◆ **Supplied material**
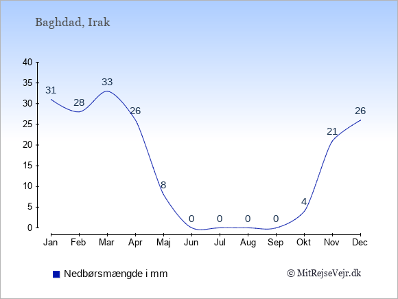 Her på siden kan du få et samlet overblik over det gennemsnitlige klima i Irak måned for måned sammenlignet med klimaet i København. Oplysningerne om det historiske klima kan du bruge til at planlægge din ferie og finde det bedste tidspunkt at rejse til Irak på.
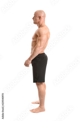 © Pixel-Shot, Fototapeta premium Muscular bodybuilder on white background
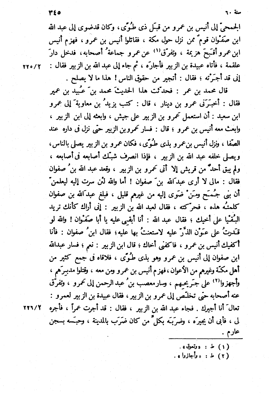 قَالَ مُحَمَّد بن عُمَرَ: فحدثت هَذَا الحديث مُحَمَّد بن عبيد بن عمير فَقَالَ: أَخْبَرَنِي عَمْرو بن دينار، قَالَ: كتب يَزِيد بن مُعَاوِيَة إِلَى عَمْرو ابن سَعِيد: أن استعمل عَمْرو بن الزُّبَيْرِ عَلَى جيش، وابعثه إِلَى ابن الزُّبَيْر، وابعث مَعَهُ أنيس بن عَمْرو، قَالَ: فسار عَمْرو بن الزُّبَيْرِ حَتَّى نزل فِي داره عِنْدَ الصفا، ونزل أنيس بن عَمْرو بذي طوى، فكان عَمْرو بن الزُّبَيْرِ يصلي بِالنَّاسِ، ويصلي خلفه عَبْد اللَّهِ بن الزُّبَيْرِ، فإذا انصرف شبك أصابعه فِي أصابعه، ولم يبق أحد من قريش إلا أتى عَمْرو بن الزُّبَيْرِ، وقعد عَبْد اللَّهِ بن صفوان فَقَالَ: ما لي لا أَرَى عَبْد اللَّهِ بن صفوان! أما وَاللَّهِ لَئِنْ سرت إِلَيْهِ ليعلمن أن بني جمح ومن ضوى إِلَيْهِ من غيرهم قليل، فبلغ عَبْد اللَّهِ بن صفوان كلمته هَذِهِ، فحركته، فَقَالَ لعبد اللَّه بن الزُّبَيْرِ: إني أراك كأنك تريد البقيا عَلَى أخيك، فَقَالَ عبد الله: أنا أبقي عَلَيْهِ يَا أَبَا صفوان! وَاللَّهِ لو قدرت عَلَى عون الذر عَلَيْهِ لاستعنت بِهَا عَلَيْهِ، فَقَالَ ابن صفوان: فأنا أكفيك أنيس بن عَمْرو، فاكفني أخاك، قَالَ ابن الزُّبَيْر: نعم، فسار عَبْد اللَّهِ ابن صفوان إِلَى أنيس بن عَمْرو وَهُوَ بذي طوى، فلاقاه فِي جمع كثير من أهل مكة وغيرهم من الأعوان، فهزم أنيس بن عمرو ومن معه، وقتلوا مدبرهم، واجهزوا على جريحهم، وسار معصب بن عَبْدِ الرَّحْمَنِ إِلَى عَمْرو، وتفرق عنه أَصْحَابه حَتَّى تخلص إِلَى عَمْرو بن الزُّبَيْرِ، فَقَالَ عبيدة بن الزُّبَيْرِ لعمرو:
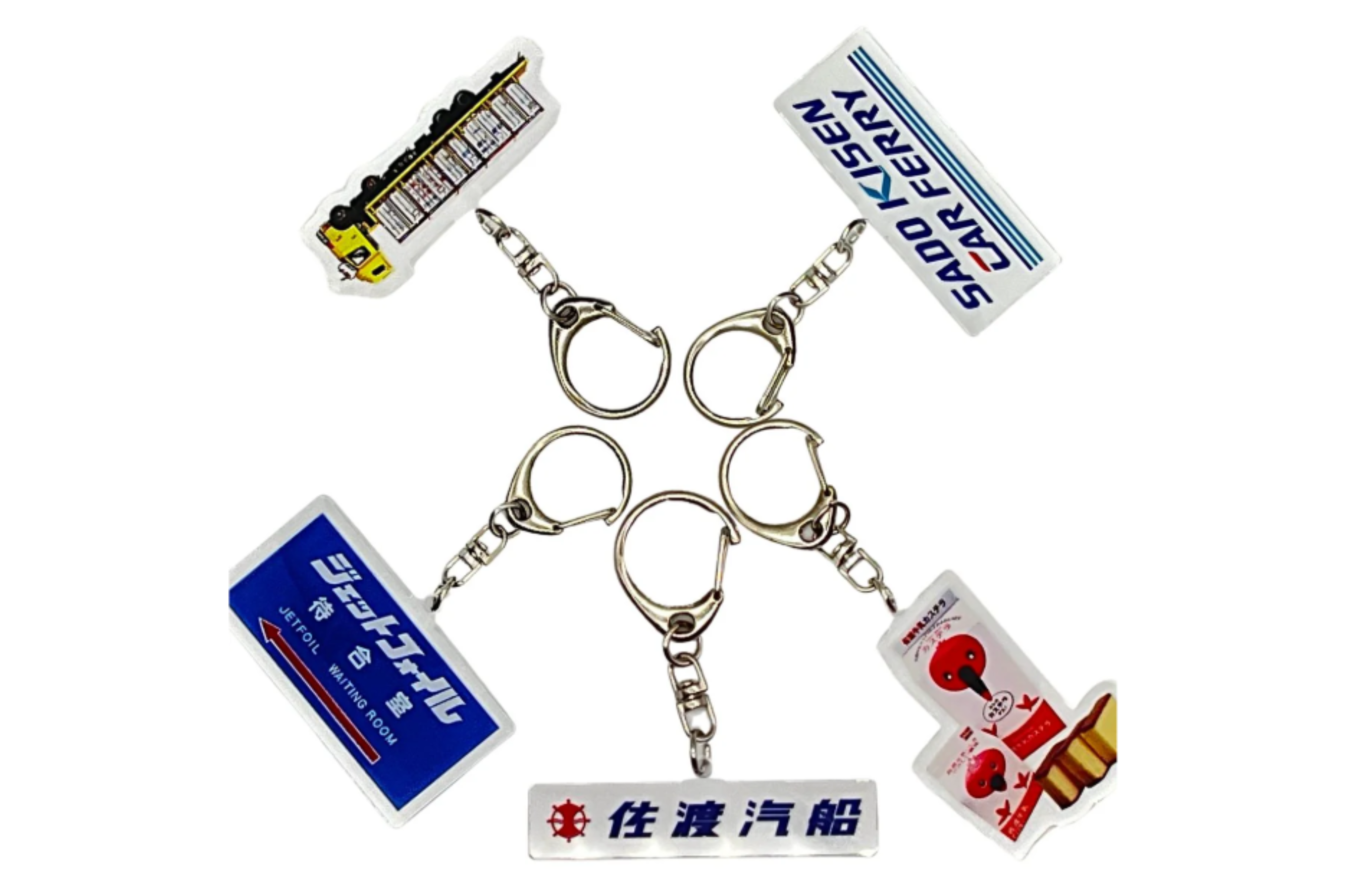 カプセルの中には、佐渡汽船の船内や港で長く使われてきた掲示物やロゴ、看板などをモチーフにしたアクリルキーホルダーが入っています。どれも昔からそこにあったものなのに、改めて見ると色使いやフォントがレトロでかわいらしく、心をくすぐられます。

...

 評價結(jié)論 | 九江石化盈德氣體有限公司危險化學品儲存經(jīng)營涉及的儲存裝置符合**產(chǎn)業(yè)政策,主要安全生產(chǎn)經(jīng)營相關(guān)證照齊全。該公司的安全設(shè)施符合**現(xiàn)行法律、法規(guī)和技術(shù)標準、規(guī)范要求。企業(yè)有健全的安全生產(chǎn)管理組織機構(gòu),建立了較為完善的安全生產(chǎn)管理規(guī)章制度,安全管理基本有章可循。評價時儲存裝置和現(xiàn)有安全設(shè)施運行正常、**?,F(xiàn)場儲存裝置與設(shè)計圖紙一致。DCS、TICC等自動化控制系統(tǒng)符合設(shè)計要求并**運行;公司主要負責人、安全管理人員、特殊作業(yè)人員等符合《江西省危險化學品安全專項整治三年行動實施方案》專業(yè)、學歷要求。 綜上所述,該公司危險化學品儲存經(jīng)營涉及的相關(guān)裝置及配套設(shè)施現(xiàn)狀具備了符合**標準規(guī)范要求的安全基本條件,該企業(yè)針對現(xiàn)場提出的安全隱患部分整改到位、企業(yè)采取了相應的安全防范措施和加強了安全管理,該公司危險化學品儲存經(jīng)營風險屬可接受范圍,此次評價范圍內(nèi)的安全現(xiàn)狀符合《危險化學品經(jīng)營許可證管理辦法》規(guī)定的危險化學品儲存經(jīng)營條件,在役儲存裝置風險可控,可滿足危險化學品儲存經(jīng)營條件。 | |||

◆ **The task**
Print an exact copy of the lines above, from the one containing "Her på siden" through the one containing "on white background", and leave out the pictures.

◆ **Answer**
 Her på siden kan du få et samlet overblik over det gennemsnitlige klima i Irak måned for måned sammenlignet med klimaet i København. Oplysningerne om det historiske klima kan du bruge til at planlægge din ferie og finde det bedste tidspunkt at rejse til Irak på.
 © Pixel-Shot, Fototapeta premium Muscular bodybuilder on white background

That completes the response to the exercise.